You are an American, right? What would be if someone want to say to you (maybe from the government) that you can't be in your city anymore (e.g.all blondes most leave the city, or other stupid reasons).But it is your RIGHT, to live wereever you want. Is a church/sect/cullt different than a human being or a government?
Title: Re: The LDS "church" & Transsexualism
Post by: Just Kate on May 17, 2009, 07:38:56 PM
Quote from: Witch of Hope on May 17, 2009, 07:12:08 PM
Kristi, it isn't a matter of a voluntary membership, it is a matter of civil rights! Noone, no Church, Sect or destructive cult (as i seethe LDS church) hast the right, to denied people their basic rights.
You are an American, right? What would be if someone want to say to you (maybe from the government) that you can't be in your city anymore (e.g.all blondes most leave the city, or other stupid reasons).But it is your RIGHT, to live wereever you want. Is a church/sect/cullt different than a human being or a government?

Help me understand, please, how a church, a single entity, specifically the LDS church, is taking away people's basic civil rights in any way except by their ability to nationally vote.

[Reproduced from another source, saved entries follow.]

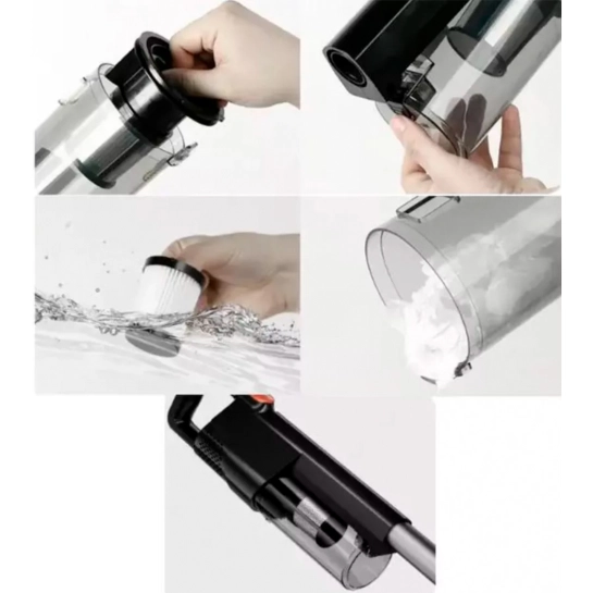 Щоб пилосос генерував максимальну ефективність, важливо регулярно очищати пилозбірник та HEPA-фільтр. Натисніть і утримуйте кнопку розблокування пилозбірника, щоб без зусиль дістати його, а потім висипте пил, що накопичився, у відро. Далі зніміть блок HEPA, який складається з фільтра з нержавіючої сталі та HEPA-фільтра, та промийте кожен елемент чистою водою. Після цього залиште їх сушитися на повітрі протягом 24 годин для повного висихання, і тільки після цього знову встановіть пилозбірник. Після збирання поверніть пилозбірник на основний двигун пристрою. Для підтримки високої продуктивності рекомендується замінювати пилозбірник щомісяця. Наявність HEPA-фільтра дуже важлива для затримування дрібних частинок пилу, алергенів та вовни тварин, щоб повітря в кімнаті було чистим.
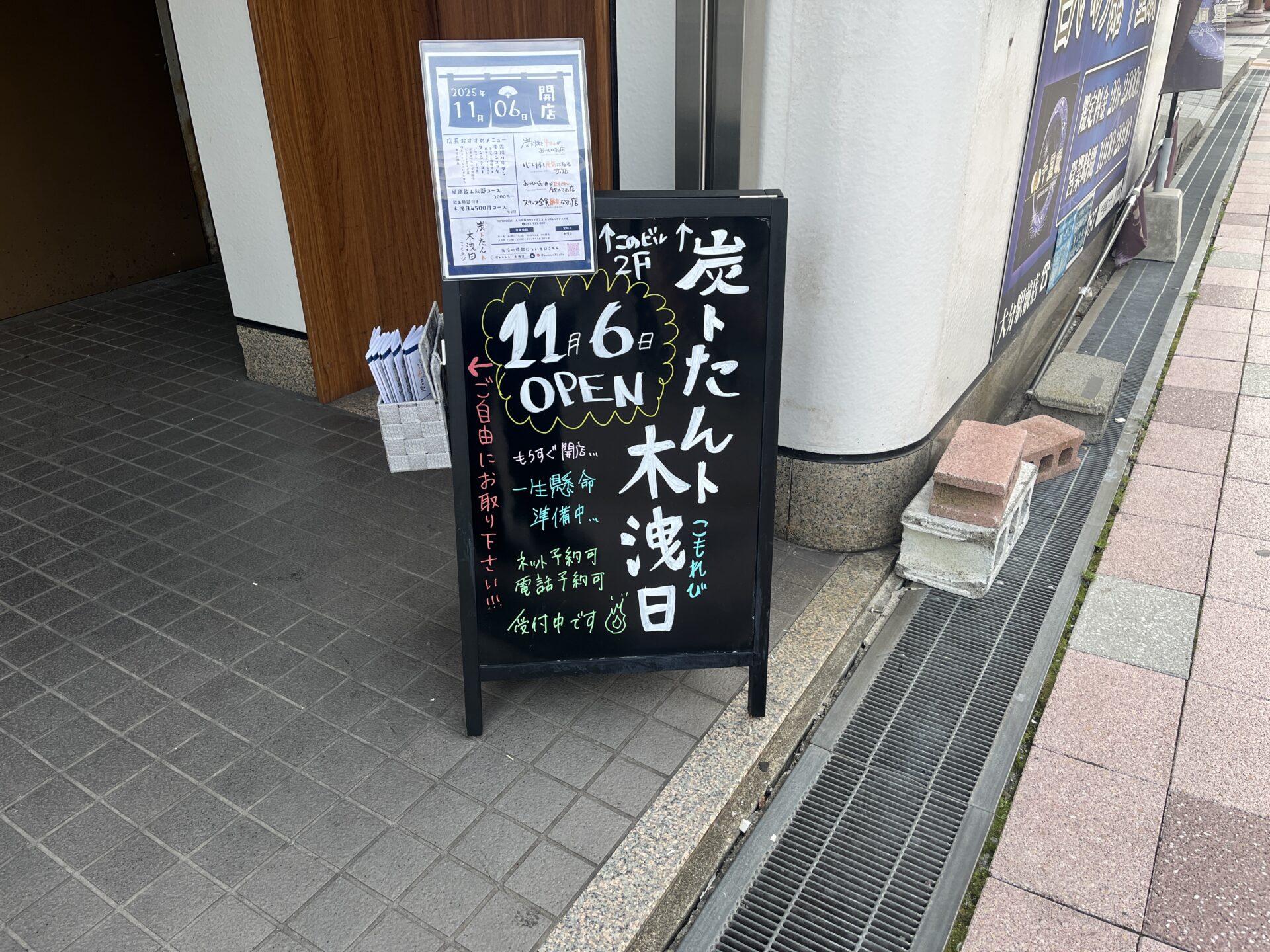 大分市府内町、中央通り沿いに『炭トたんト 木洩日(こもれび)』がオープンするようです。
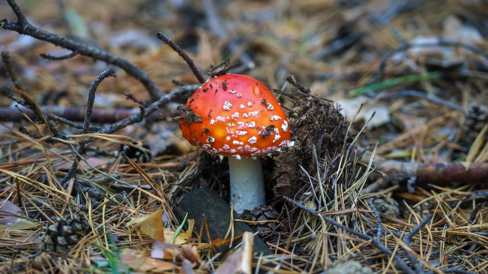 Фото №992760. ДятелИз под хвои на земле, то тут, то там выглядывают грибы. Чтобы найти съедобный гриб, надо постараться, приглядеться. А вот эти красавцы семафорят издалека.

Title: Re: The LDS "church" & Transsexualism
Post by: Witch of Hope on May 17, 2009, 07:58:18 PM
Quote from: interalia on May 17, 2009, 07:38:56 PM
Help me understand, please, how a church, a single entity, specifically the LDS church, is taking away people's basic civil rights in any way except by their ability to nationally vote.

Actually, I am too tired to answer, because now in Germany it is 03:55 a.m.. But, nevertheless, I will try it.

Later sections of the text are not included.